Can AutoNUMA folks teach me why?
Or any plans to handle this problem in AutoNUMA?


Thanks,
Wanlong Gao



 Hi,
 
 We just met a problem of QEMU memory allocation.
 Here is the description:
 
 On my host, I have two nodes,
 # numactl -H
 available: 2 nodes (0-1)
 node 0 cpus: 0 2
 node 0 size: 4010 MB
 node 0 free: 3021 MB
 node 1 cpus: 1 3
 node 1 size: 4030 MB
 node 1 free: 2881 MB
 node distances:
 node   0   1 
   0:  10  20 
   1:  20  10 
 
 
 
 I created a guest using the following XML:
 
 ...
   memory unit='KiB'1048576/memory
   currentMemory unit='KiB'1048576/currentMemory
   vcpu placement='static'2/vcpu
   cputune
 vcpupin vcpu='0' cpuset='2'/
 vcpupin vcpu='1' cpuset='3'/
   /cputune
   numatune
 memory mode='strict' nodeset='0-1'/
   /numatune
   cpu
 topology sockets='2' cores='1' threads='1'/
 numa
   cell cpus='0' memory='524288'/
   cell cpus='1' memory='524288'/
 /numa
   /cpu
 ...
 
 As you can see, I assigned 1G memory to this guest, pined vcpu0 to the host 
 CPU 2,
 it's in host node0, pined vcpu1 to the host CPU 3 that is in host node1.
 The guest also has two nodes, each node contains 512M memory.
 
 Now, I started the guest, then printed the host numa state :
 # numactl -H
 available: 2 nodes (0-1)
 node 0 cpus: 0 2
 node 0 size: 4010 MB
 node 0 free: 2647 MB  === freecell of node0
 node 1 cpus: 1 3
 node 1 size: 4030 MB
 node 1 free: 2746 MB
 node distances:
 node   0   1 
   0:  10  20 
   1:  20  10 
 
 Then I tried to allocate memory from guest node0 using the following code:
 #include memory.h
 #include numa.h

 #define MEM (1024*1024*300)

 int main(void)
 {
  char *p = numa_alloc_onnode(MEM, 0);
  memset(p, 0, MEM);
  sleep(1000);
  numa_free(p, MEM);
  return 0;
 }
 
 And printed the host numa state, it shows that this 300M memory is allocated 
 from host node0,
 
 # numactl -H
 available: 2 nodes (0-1)
 node 0 cpus: 0 2
 node 0 size: 4010 MB
 node 0 free: 2345 MB  = reduced ~300M
 node 1 cpus: 1 3
 node 1 size: 4030 MB
 node 1 free: 2767 MB
 node distances:
 node   0   1 
   0:  10  20 
   1:  20  10 
 
 
 Then, I tried the same method to allocate 300M memory from guest node1, and 
 printed the host
 numa state:
 
 # numactl -H
 available: 2 nodes (0-1)
 node 0 cpus: 0 2
 node 0 size: 4010 MB
 node 0 free: 2059 MB  === reduced ~300M
 node 1 cpus: 1 3
 node 1 size: 4030 MB
 node 1 free: 2767 MB  === no change
 node distances:
 node   0   1 
   0:  10  20 
   1:  20  10 
 
 
 To see that this 300M memory is allocated from host node0 again, but not host 
 node1 as
 I expected.
 
 We think that QEMU can't handled this numa memory allocation well, and it 
 will cause the
 cross node memory access performance regression.
 
 Any thoughts?
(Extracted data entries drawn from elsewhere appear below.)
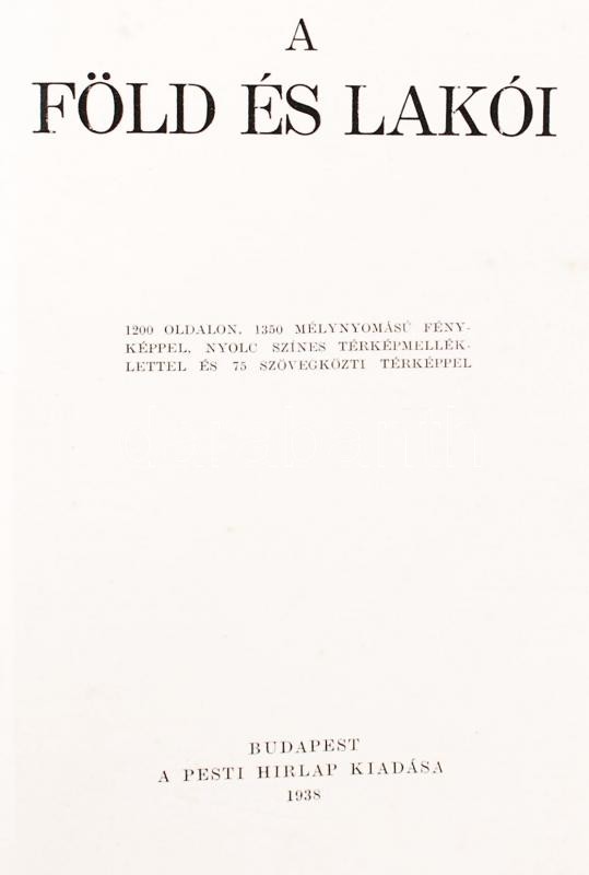 Description: A Pesti Hírlap Könyvtára: A Föld és lakói. Bp., 1938, A Pesti Hírlap Kiadása. Aranyozott, egészvászon kötésben (a gerincen kissé kopott az aranyozás, egyébként jó állapotban). 1350 mélynyomású fényképpel, 8 színes térképmelléklettel, 75 szövegközti térképpel, táblázatokkal illusztrálva.
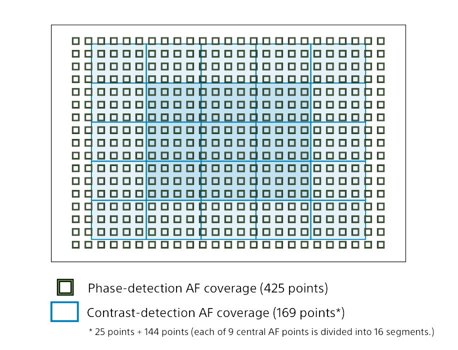 Mimo wszystko, jego skuteczność śmiało można porównać z tą oferowaną przez profesjonalne lustrzanki. Jeżeli weźmiemy pod uwagę obszar pokrycia kadru przez punkty AF, oraz fakt, że wszystkie pozostają funkcjonalne także w przypadku podpięcia obiektywów z mocowaniem Sony A, lustrzanki zostają daleko w tyle. Nareszcie znajdujemy też godnego konkurenta doskonałego systemu DFD (Depth From Defocus) oferowanego przez aparaty Panasonic.
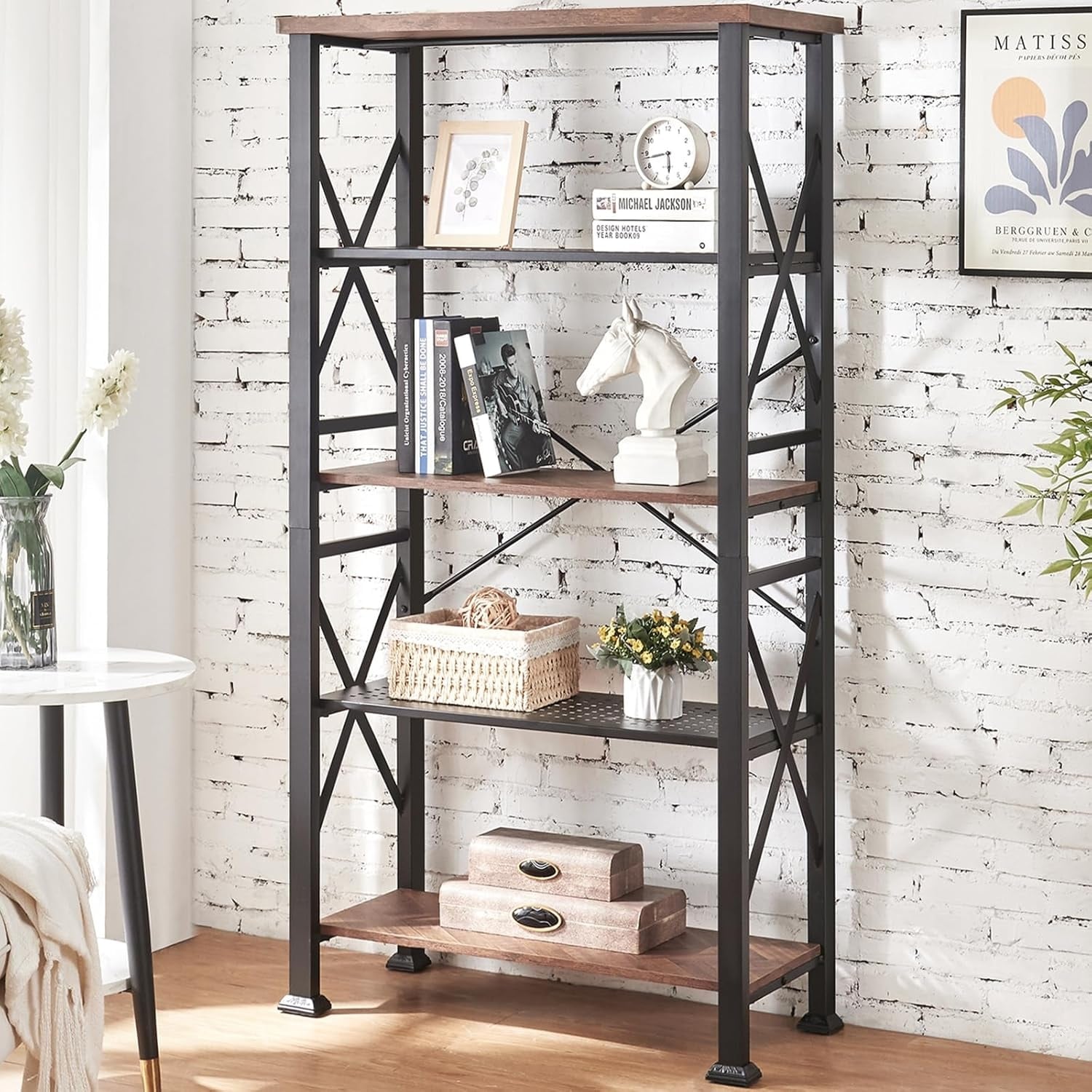 5-Tier Tall Bookshelf with Metal Frame and Open Shelves, Rustic Design for Living Room, Bedroom, and Home Office, Brown
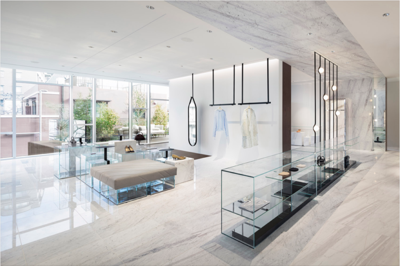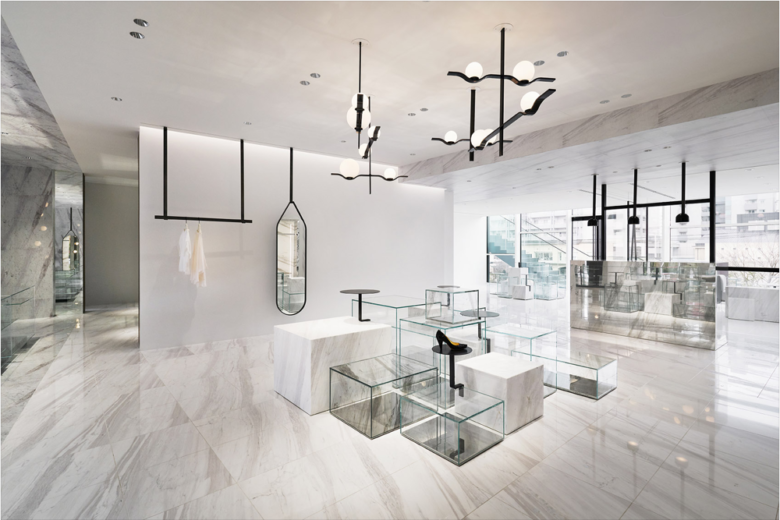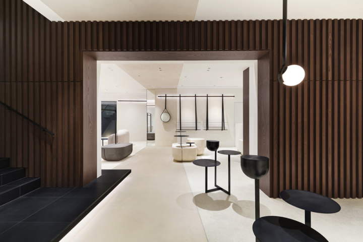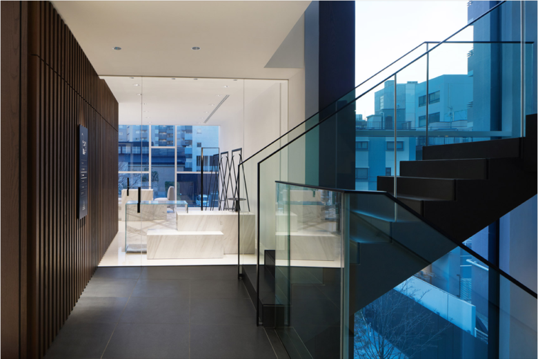 地下室空间使用两种不同类型的砾石,而两者的混合物用于覆盖它们所覆盖的盒子之间的重叠部分的地板。一楼铺有人字形水磨石地板,二楼铺有织物纹理水泥。在三楼,大理石印有石材纹理,玻璃相反印有大理石图案。第四层和第五层的地板由石头和木材组合而成,以重复的图案设计,也用于覆盖同一空间的墙壁的石砖.Kashiyama Daikanyama商店
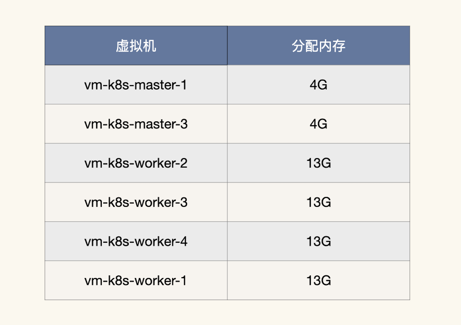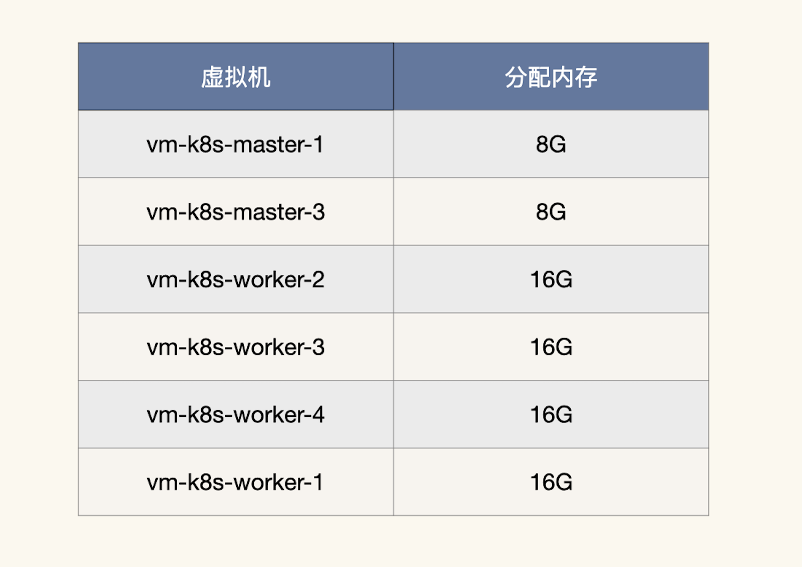 这样看来,我们就得算一下内存到底超分了多少,看看是不是因为我们配置的超分过大,导致了这个问题。我们把虚拟机的内存列出来看看:
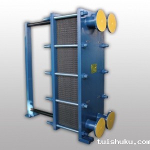 由许多冲压有波纹槽的金属薄板按一定间隔,四周通过垫片密封,并用框架和压紧螺栓重叠压紧而成,板片和垫片的四个角孔形成了流体的分配管和汇集管,同时又合理的将冷热流体分开,使其分别在每块板片两侧的流道中流动,通过板片进行热交换。
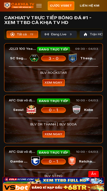CakhiaTV trực tiếp bóng đá Full HD, link nhanh, miễn phí, không giật lag. Xem mọi giải đấu lớn nhỏ: EPL, C1, La Liga, Serie A, V-League, hỗ trợ mọi thiết bị.
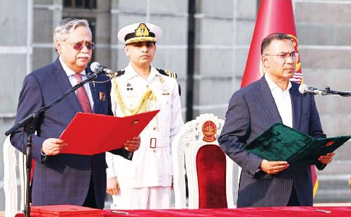 নিজস্ব প্রতিবেদক : প্রথমবারের মতো প্রধানমন্ত্রী হিসেবে শপথ নিলেন বাংলাদেশ জাতীয়তাবাদী দলের (বিএনপি) চেয়ারম্যান তারেক রহমান। গতকাল মঙ্গলবার জাতীয় সংসদের দক্ষিণ প্লাজায় তাকে শপথবাক্য পাঠ করান রাষ্ট্রপতি মো. সাহাবুদ্দিন। পরে রাষ্ট্রপতি ৪৯ সদস্যের মন্ত্রিসভার সদস্যদের শপথবাক্য পাঠ করান। এ শপথের মাধ্যমে আনুষ্ঠানিকভাবে শুরু হলো নতুন সরকারের পথচলা। দীর্ঘ প্রতিক্ষার পর দেশ পেল গণতান্ত্রিকভাবে নির্বাচিত একটি সরকার। শহীদ রাষ্ট্রপতি জিয়াউর রহমান এবং প্রয়াত প্রধানমন্ত্রী বেগম খালেদা জিয়ার জ্যেষ্ঠ পুত্র রহমানের নেতৃত্বে গঠিত মন্ত্রিসভায় ২৫ জন মন্ত্রী এবং ২৪ জন প্রতিমন্ত্রী রয়েছেন।
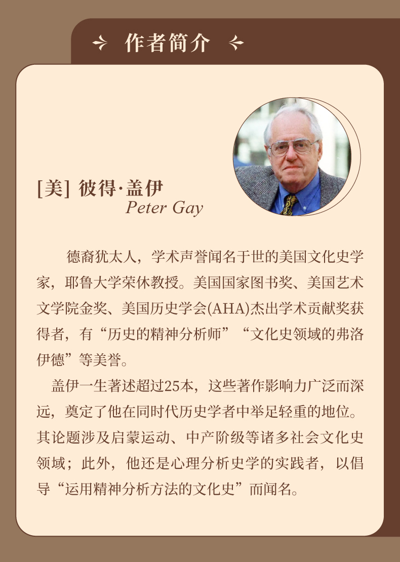 典型的盖伊风格:笔触优美,深具洞见,例子具体生动而富有启发性。历史学家同行和盖伊粉丝会一致发现,书中内容见解令人耳目一新,无一字为陈见,无一字非未发之言;对于那些缺少耐心阅读盖伊多卷本大部头的读者而言,这个单卷本无疑是个福音。
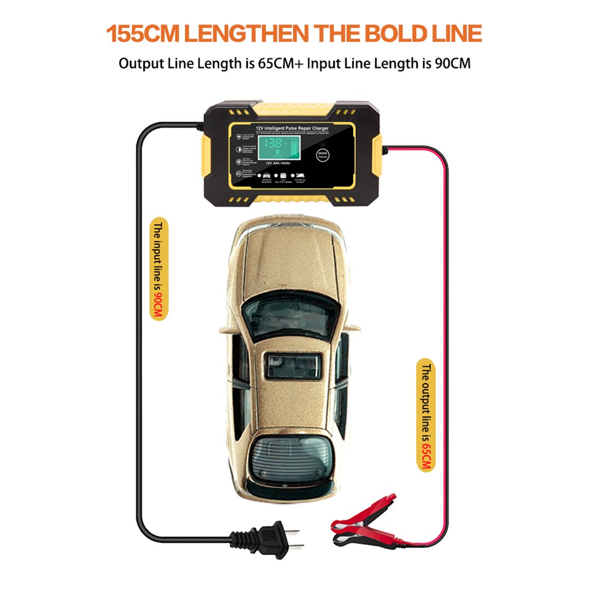 Using a backlit LCD display, the battery charger automotive clearly and visibly shows LCD screen displays status and battery status.
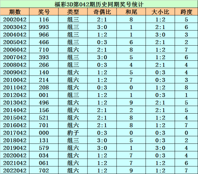 福彩3D历年第042期同期奖号为:116 993 966 466 710 393 266 140 214 208 001 496 156 521 701 000 131 579 034 061 702。
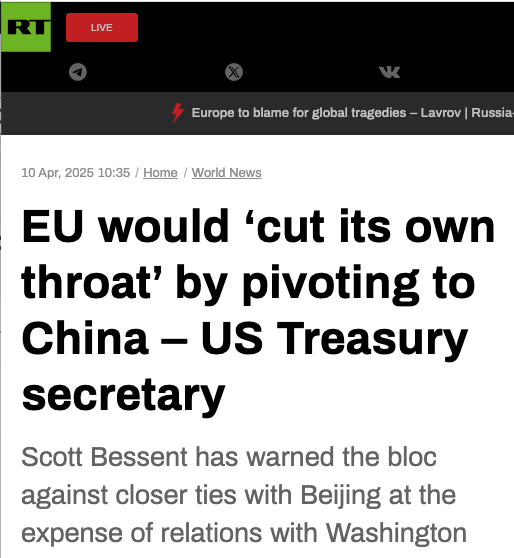 EU would ‘cut its own throat’ by pivoting to China – US Treasury Secretary [So say the soyboy married to a male wokester]
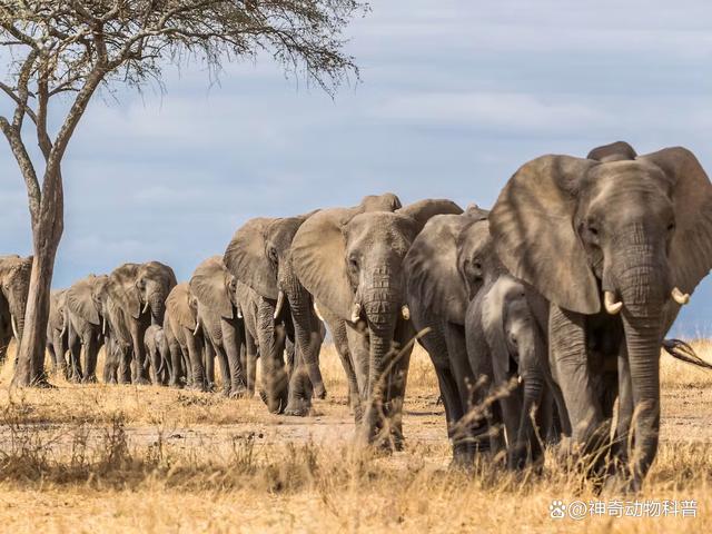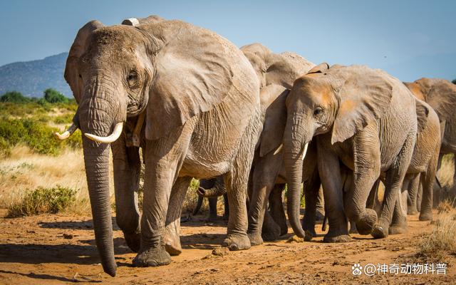 狼 4、非洲象 非洲象是一种非常团结的动物,它们喜欢群居,通常有20-30只成员组成一个家族群。每个家族群都由一头雌象统率,大多数成员都是她的雌性后代。雄象在群体中没有地位,一旦长到15岁就必须离开群体,并且只在交配期间才会偶尔返回群体。在非洲象群体中,有着严格的等级制度,并且在行动时按照地位高低排序。无论是吃喝、交配还是走路,所有的动作都很有序。群体中的成员之间通常表现得非常和平和友好,这种群体互助的精神让人感到钦佩。
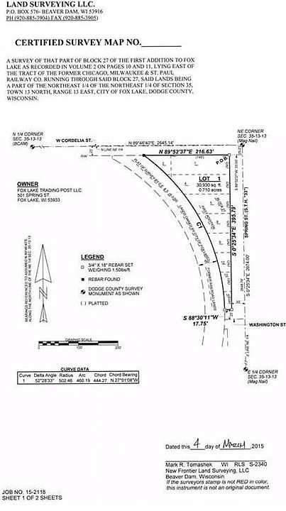 This is a vacant land. This home is located at 501 Spring St, Fox Lake, WI 53933.
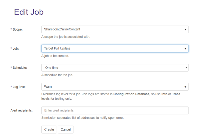 - Scheduled: Specify a simplified/advanced schedule for your target job.
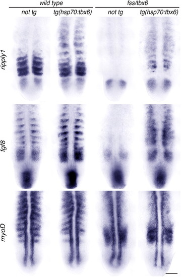 A pulse of Tbx6 expression in fss/tbx6 mutants induces segmental expression of ripply1 and fgf8, and locally represses myoD. Expression of genes expressed specifically in the anterior (ripply1, fgf8) and posterior (myoD) somite compartments in non-tg and tg(hsp70:tbx6) wild type sibling and fss/tbx6 mutant embryos. Embryos were heat shocked at the 9–10S stage, fixed at the 13–14S (myoD) and 15–16S stage (ripply1, fgf8), and flat-mounted for documentation. Scale bar: 50 μm. |
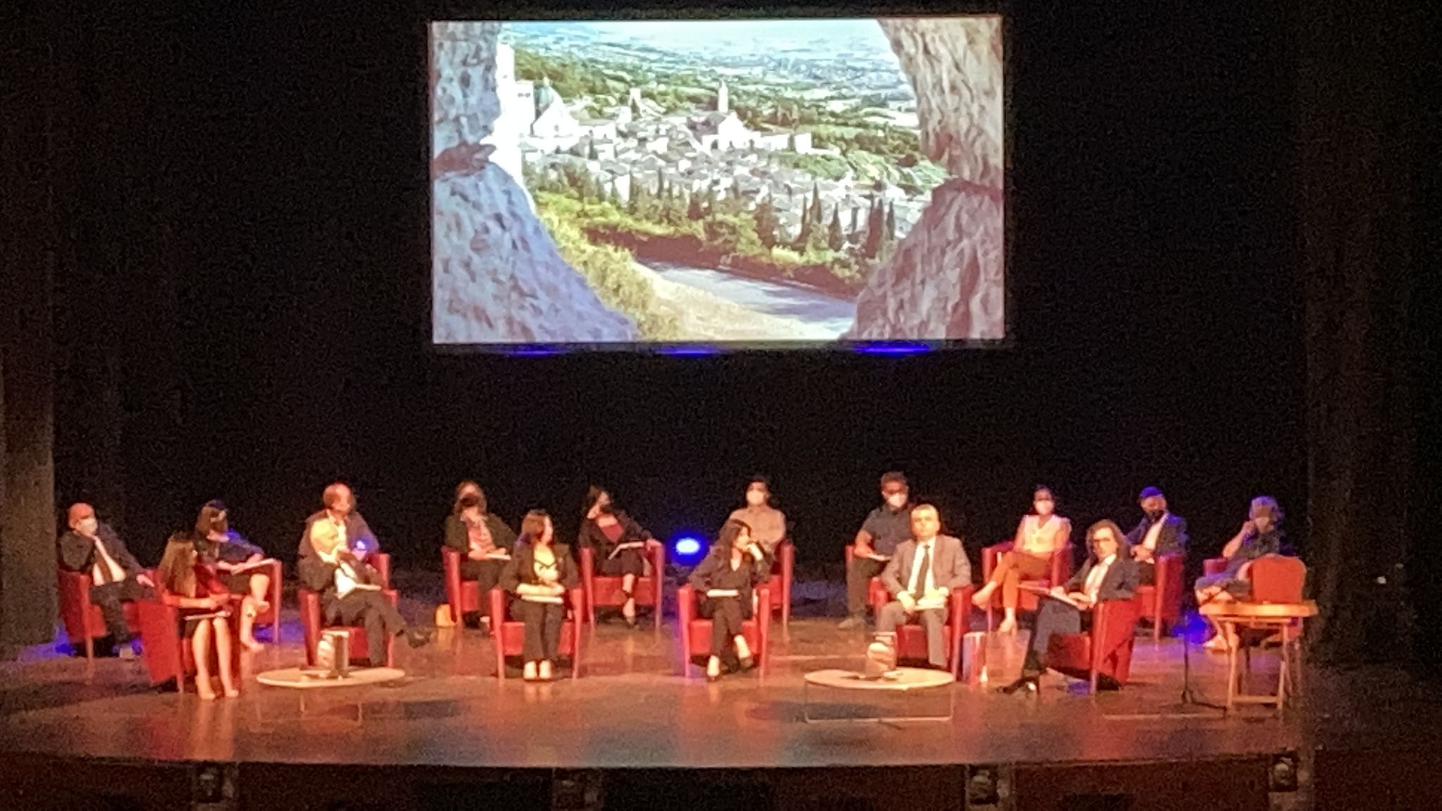 La presentazione del libro “Assisi oltre le mura” ha segnato ieri pomeriggio la riapertura del Teatro Lyrick. Un vero e proprio evento culturale, alla presenza di oltre 200 persone (nel pieno rispetto del distanziamento) e 1000 collegamenti in streaming, che si è svolto tra interventi, letture, immagini e accompagnamenti musicali.
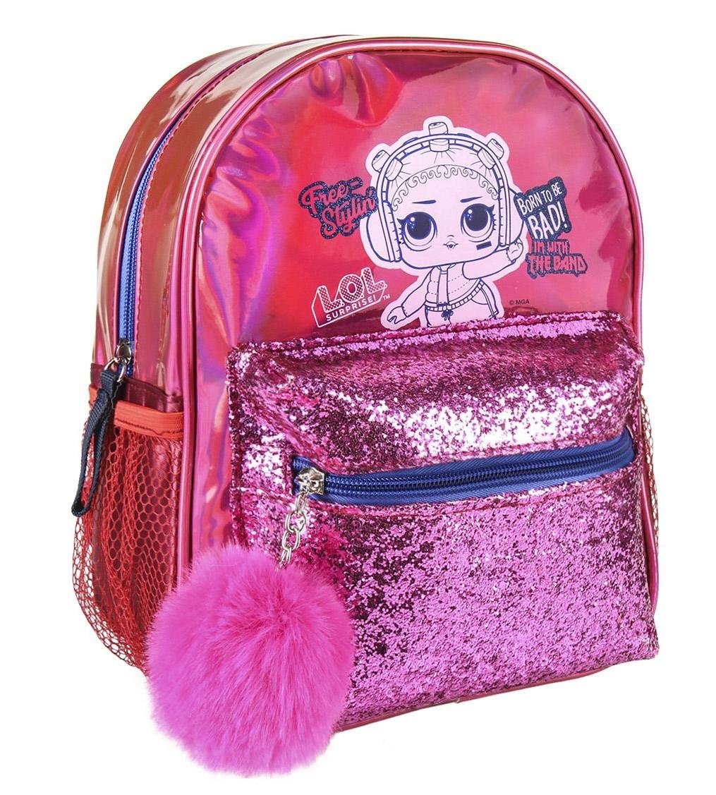 Rozměry: 26 x 21 x 10 cm.Materiál: 50% polyester, 30% pvc, 20% pu.Jedna hlavní a jedna přední kapsa + 2 postranní perforované.Barva: malinová.Výrobce: Cerda. przeczytaj całość
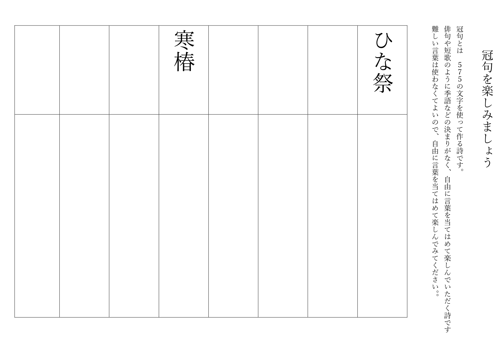 冠句の会をはじめました。冠句とは、五・七・五の文字数で作る詩のこと。俳句や短歌のような季語などの決まりはなく、自由に言葉を当てはめて楽しめるのが魅力です。難しい言葉を使わなくても大丈夫。思いついた言葉で、気軽にご参加ください。

Or, am I missing something?
 
 
 Thanks,
 Wanlong Gao
 
 




Re: [Qemu-devel] QEMU NUMA and memory allocation problem

2013-05-19 Thread Wanpeng Li
On Mon, May 20, 2013 at 10:03:53AM +0800, Wanlong Gao wrote:
Adding CC AutoNUMA folks:

Paolo said that:

 Pinning memory to host NUMA nodes is not implemented.  Something like
 AutoNUMA would be able to balance the memory the right way.
 
 Paolo

And Eduardo said that:
 I had plans to implement a mechanism to allow external tools to
 implement manual pinning, but it is not one of my top priorities. It's
 the kind of mechanism that may be obsolete since birth, if we have
 AutoNUMA working and doing the right thing.
 
 -- Eduardo 


Hi Wanlong,

But I didn't see any change when I enabled the AutoNUMA on my host.
Can AutoNUMA folks teach me why?
Or any plans to handle this problem in AutoNUMA? 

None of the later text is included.